Daily Investment Interpretations

April 20, 2009

2009-4-20:   The market indices fell between 3% and 4% today. There were no particular news developments that posed obvious causes. Distrust of the meaningfulness of Friday's bank earnings announcements is presented as a casus belli, but it would seem that normal market dynamics are really behind this sell-off. The NASDAQ discarded 64.86 points (-3.88%) to end the day at 1,608; the Dow doffed 289.6 points (-3.56%) to close at 7,842; and the S&P 500 tossed off 37.21 points (-4.28%)  to 832. Well, OK, it wasn't a royal flush, but it beats dropping 3%. Oil fell to $45.63, while gold added $19.60 to finish at $887.50. The VIX vaulted from 33.94 to 39.18.
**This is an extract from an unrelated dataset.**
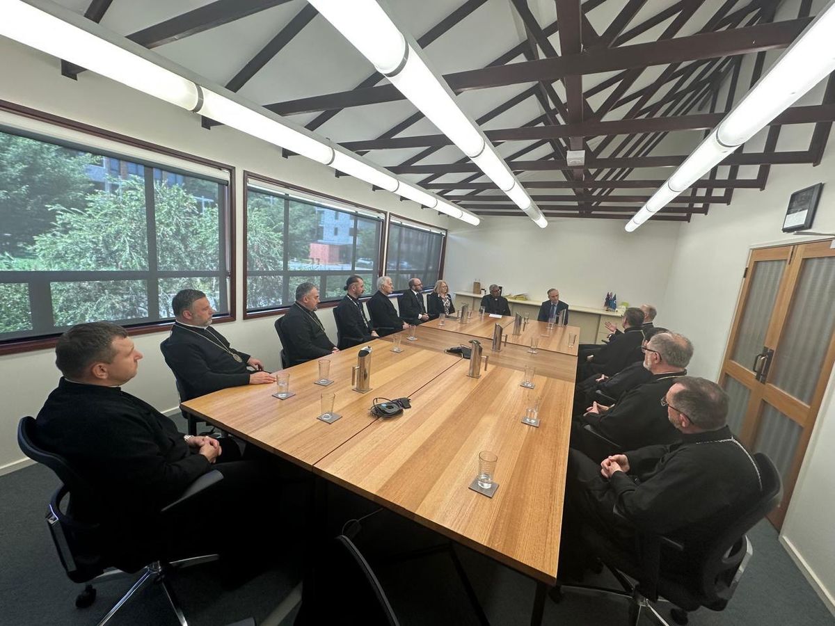 9 грудня у столиці Австралії м. Канберра єпископи-члени Постійного Синоду УГКЦ на чолі з Блаженнішим Святославом, Отцем і Главою Української Греко-Католицької Церкви, відвідали адміністративні приміщення Конференції католицьких єпископів Австралії, де зустрілися зі Секретарем цієї конференції о. Крісом де С’юза та представниками різних комісій.

    The Dow and the S&P 500 plummeted in the last few minutes of trading. The real question is: how far down do we go? Todd Harrison wrote this toward the end of today: Randoms: Set-Up for Turnaround Tuesday? He's still looking for this rally to fade, and another 20%-or-so rally toward the end of 2009.
    Kevin Depew argues that we're headed for deflation,
Five Things: Point of Recognition Edges Closer. and that the government's efforts to re-inflate the economy aren't going to work. Andrew Jeffrey notes that banks still aren't doing a lot of lending: Consumers to Banks: Give Us a Little Credit.
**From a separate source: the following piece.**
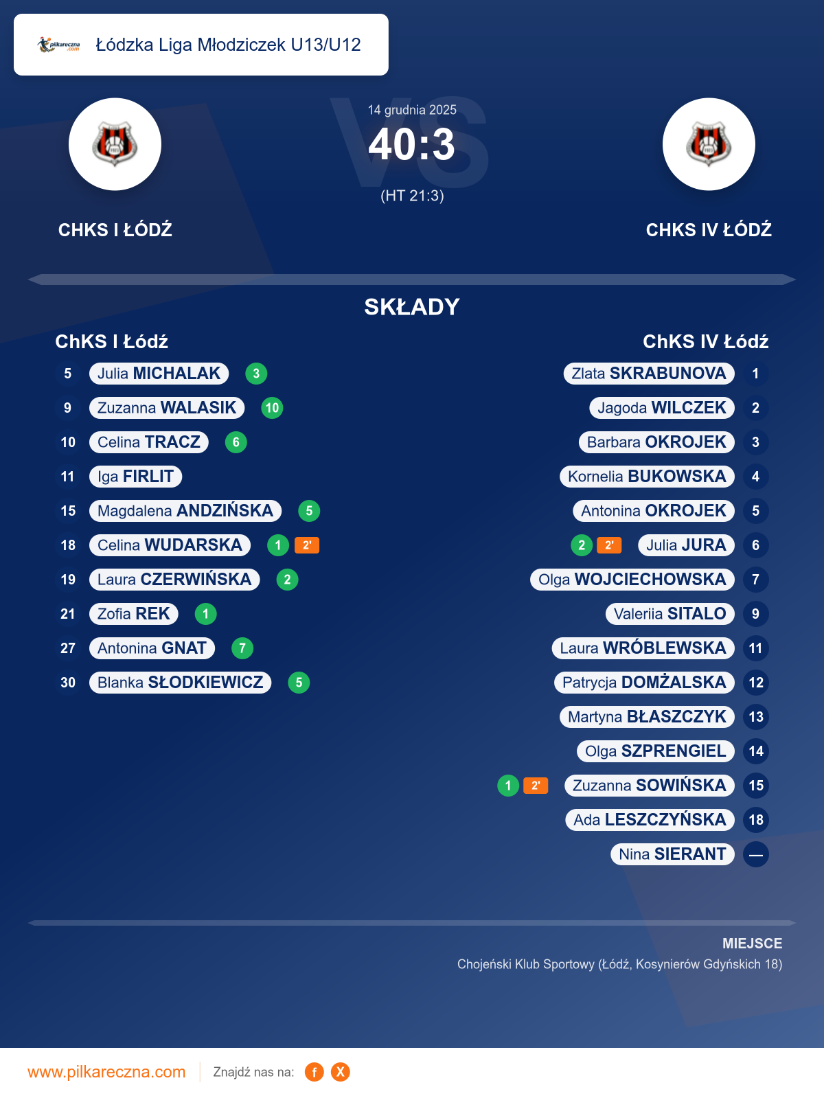 ChKS I Łódź 40–3 ChKS IV Łódź

    (I could imagine some economists saying, "Who would have thought that present-day consumers would start saving when threatened with hard times?") 

4-20 (Technical Talk):   Last Friday, I quoted the best technical advisory service to which I subscribe, which described Friday's stock market action as an "upside breakout". And now here we are on Monday morning with the S&P 500 down 3.75% even as I write. What gives here?
    This morning, my technical advisory service hails this as "the long-awaited pullback". How could this happen on the day following an "upside breakout"? Is nothing sacred?
    Could the answer lie in the fact that stock trading is a game in which the world's sharpest traders, including state-of-the-art artificial intelligence programs, play against one another? The game might be expected to play itself in ways that outwit half of these "sharpies" (the "losers").
    What to do now? My technical advisory service supports the thesis that this rally began as a result of "short covering", in which professional investors such as hedge funds had bet heavily on the stock market continuing to fall, and who then decided they had been mistaken, and who bought back at a higher price (at a loss) the stocks they had shorted. (This happened to me with the double inverse NASDAQ ETF, QID, that I had bought as a hedge against further losses in my handful of remaining mutual funds. As the market rose, QID acted as an anchor, with losses offsetting the rising values of my residual funds. A couple of weeks ago, I sold it.) Now, though, claims the technical newsletter, this rally being fuelled by institutional investors sitting on mountains of cash. So far, they've just begun to nibble at the bait.
    My technical advisory service expects this pullback to last at least a few days, although there are no guarantees. It suggests preparing a "back-up-the-truck-and load-up" list of stocks and funds to buy when this pullback reaches bottom and starts back up. The service points out that it will be informative to see how far down the indices go before a "buy-in-on-the-dips" strategy takes over and propels this market higher. (The service expects this rally to run above S&P = 1100, and to last up to a year, but it doesn't see this upsurge being the beginning of a multi-year bull market.)
    Todd Harrison, Monday Morning Quarterback: What's Shakin', Bacon?, still believes that this market advance is a bear-market rally that will be followed by lower lows than the March 6th low, and then by a second 25% rally later this year. Todd Harrison would probably expect a counter-movement tomorrow on "Turnaround Tuesday".
    Prieur de Plessis thinks that the world's economies really are turning around, and that the U. S. stock market bottomed on March 6, 2009: Prieur Perspective: Springtime for Markets.
What to do now? The indices are still well above their 50-day moving averages (around 800 for the S&P 500), so this would seem to me to be a time to wait to see how rapidly cash flows in from cash-laden institutional investors.